WHAT TO PRODUCE: Could you transcribe every record below exactly, leaving out any pictures?

RECORDS FOR THIS EXERCISE:
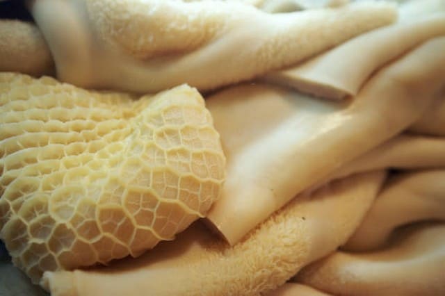 2 kg de tripes coupées en petits Ms, 5 ou 6 belles carottes, 15 échalotes hachées, 25 pruneaux, 1 petite branche de thym, 1 clou de girofle, bouillon, 1 bon verre de cognac, 1 morceau de beurre frais salé. Cuisson: 2 heures 1/2.
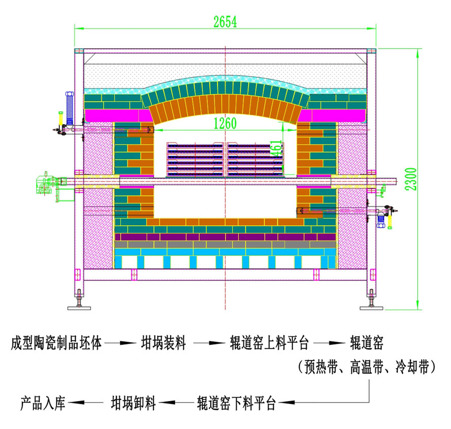 燒結(jié)陶瓷輥道窯工藝流程圖
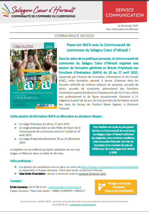 CCC Salagou Cœur d'Hérault / Communication BAFA
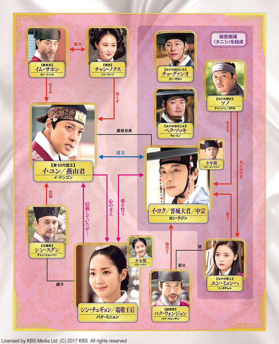後日、婚姻相手として再会した二人は徐々に心を通わせていく。一方、ヨクの兄・燕山君は物怖じしないチェギョンに、淡い恋心を抱き始めていた。
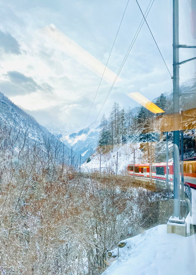 Zermatt is totally car free so you may take the train from Visp or Täsch. Visp – Zermatt is a super pretty 1 hour train trip through the mountains so be prepared to have your breath taken away here.
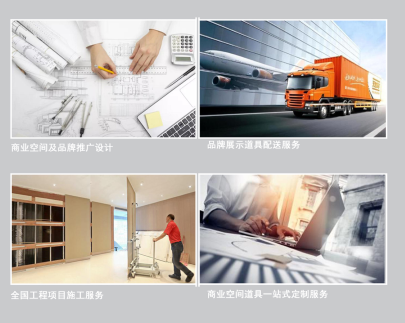 商业空间及品牌推广设计,品牌展示道具配送服务,全国工程项目施工服务,商业空间道具站式定制服务。
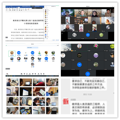 各教师政治学习小组采取多样的线上学习形式,重点学习《教育部公开曝光第九批7起违反教师职业行为十项准则典型案例》,并结合实际展开讨论。大家纷纷表示,要以《新时代高校教师职业行为十项准则》为职业规范,明确基本底线,提升道德修养,严守师德规范,以身作则,为人师表。要以《典型案例》为鉴,深刻汲取教训,认真进行自我审视,警钟长鸣,严以律己,做一名无愧于初心使命,无愧于党和人民的高校教师。
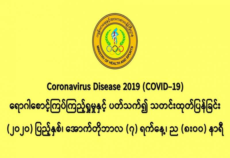 (၇-၁၀-၂၀၂၀) ရက်နေ့၊ ည (၈:၀၀)နာရီမှ (၈-၁၀-၂၀၂၀) ရက်နေ့၊ ည (၈:၀၀) နာရီ အတွင်းဓာတ်ခွဲနမူနာ စုစုပေါင်း (၁၂,၂၆၈)ခုအား စစ်ဆေးပြီးစီးခဲ့ရာ COVID-19 ရောဂါ ဓာတ်ခွဲ အတည်ပြု လူနာသစ် (၁,၀၁၂)ဦး တွေ့ရှိရပါသည်။

ANSWER SPACE:
 2 kg de tripes coupées en petits Ms, 5 ou 6 belles carottes, 15 échalotes hachées, 25 pruneaux, 1 petite branche de thym, 1 clou de girofle, bouillon, 1 bon verre de cognac, 1 morceau de beurre frais salé. Cuisson: 2 heures 1/2.
 燒結(jié)陶瓷輥道窯工藝流程圖
 CCC Salagou Cœur d'Hérault / Communication BAFA
後日、婚姻相手として再会した二人は徐々に心を通わせていく。一方、ヨクの兄・燕山君は物怖じしないチェギョンに、淡い恋心を抱き始めていた。
 Zermatt is totally car free so you may take the train from Visp or Täsch. Visp – Zermatt is a super pretty 1 hour train trip through the mountains so be prepared to have your breath taken away here.
 商业空间及品牌推广设计,品牌展示道具配送服务,全国工程项目施工服务,商业空间道具站式定制服务。
 各教师政治学习小组采取多样的线上学习形式,重点学习《教育部公开曝光第九批7起违反教师职业行为十项准则典型案例》,并结合实际展开讨论。大家纷纷表示,要以《新时代高校教师职业行为十项准则》为职业规范,明确基本底线,提升道德修养,严守师德规范,以身作则,为人师表。要以《典型案例》为鉴,深刻汲取教训,认真进行自我审视,警钟长鸣,严以律己,做一名无愧于初心使命,无愧于党和人民的高校教师。
 (၇-၁၀-၂၀၂၀) ရက်နေ့၊ ည (၈:၀၀)နာရီမှ (၈-၁၀-၂၀၂၀) ရက်နေ့၊ ည (၈:၀၀) နာရီ အတွင်းဓာတ်ခွဲနမူနာ စုစုပေါင်း (၁၂,၂၆၈)ခုအား စစ်ဆေးပြီးစီးခဲ့ရာ COVID-19 ရောဂါ ဓာတ်ခွဲ အတည်ပြု လူနာသစ် (၁,၀၁၂)ဦး တွေ့ရှိရပါသည်။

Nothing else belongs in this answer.